Tuesday, September 29, 2015

Chris Hedges. Transcript. David Swanson. CrossTalk. 01 May 2015.




1.       Lavelle: Hello, and welcome to CrossTalk, where all things are considered. I’m Peter Lavelle. Over the past year, CrossTalk have asked our guests many times whether we have the spectre of a new Cold War. Today, it is all too obvious that there is a new Cold War. What needs to be asked now are the conditions and terms of this conflict and its possible outcomes. [break] To cross-talk the new Cold War, I’m joined by my guests, Chris Hedges in New York, [] also in Providence, we cross to Vladimir Golstein, he’s an associate professor of Slavic Studies at Brown University. All right gentlemen, CrossTalk rules, and that means you can jump in any time you want. I very much encourage it. Chris, if I can go to you first. I do believe now the events being played out with Washington sending more equipment to NATO’s allies in Europe right to Russia’s border here. We are in a new Cold War without the Ideology but it is a conflict between the West and Russia. And I’d like to quote John McCain, I don’t usually do this on this programme, he said in his recent op-ed, “No one in the West wants to return to the Cold War.” But the events being played out since the Coup d’État in Feburary of the last year in Kiev, it seems to me, and I’d like to know your opinion on it since I have you on this programme, that the West is doing everything possible that it can do to bring about a new Cold War and the conflict with Russia.

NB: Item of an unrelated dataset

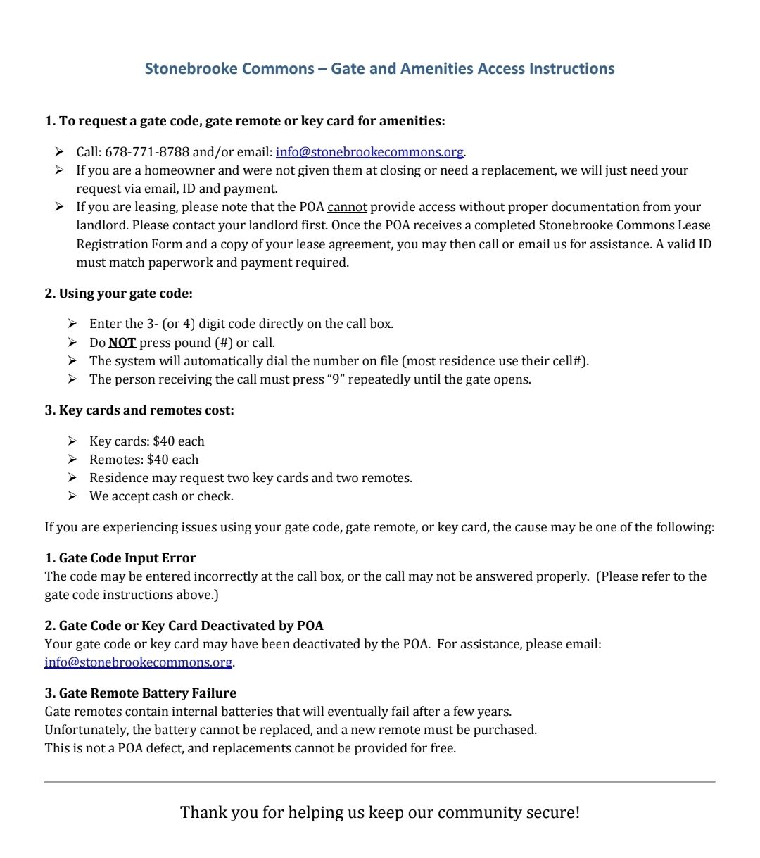 The Stonebrooke Commons amenities complex is secured by an electronic key card. Each residence is allowed two key cards. Cards are provided at a cost of $40 each. If you did not receive key cards at your closing, please contact:

2.       Hedges: Exactly. You know, it’s tragic, what’s happened. There was an understanding that was reached at the end of the so-called initial Cold War between Gorbachev and Reagan, a kind of mutual cooperation. And we saw right after 9/11 a betrayal, orchestrated by the Bush administration, but the Ideological roots of it were really set by the Clinton administration, in particular Strobe Talbott. The belief that nothing could stand in the way of American Hegemony throughout the World, that it could do whatever it wanted. This is what’s created what I would call imperial overreach in the Middle East, in the Eastern Europe and in Ukraine. An utter insensitivity to the Rights and demands of innumerable countries, starting with Iraq, but going all the way back to Moscow. And we saw right after 9/11 how this worked out. After the attacks of 9/11, Putin offered all sorts of assistance and help to the Bush administration, including connecting US with the northern alliance, which was allied with Russia, allowing overflights, and what the Bush administration did in response is it turned around and expanded NATO, although Reagan had promised Gorbachev the expansion of NATO would end in the East Germany, and it walked out on the Anti-Ballistic Missile Treaty
3.       Lavelle: In 2002.
4.       that precipiated the crises that we’re undergoing right now. So it is an extention the old Cold War, but I think, more importantly, it is a betrayal of all the agreement Washington had made with Moscow.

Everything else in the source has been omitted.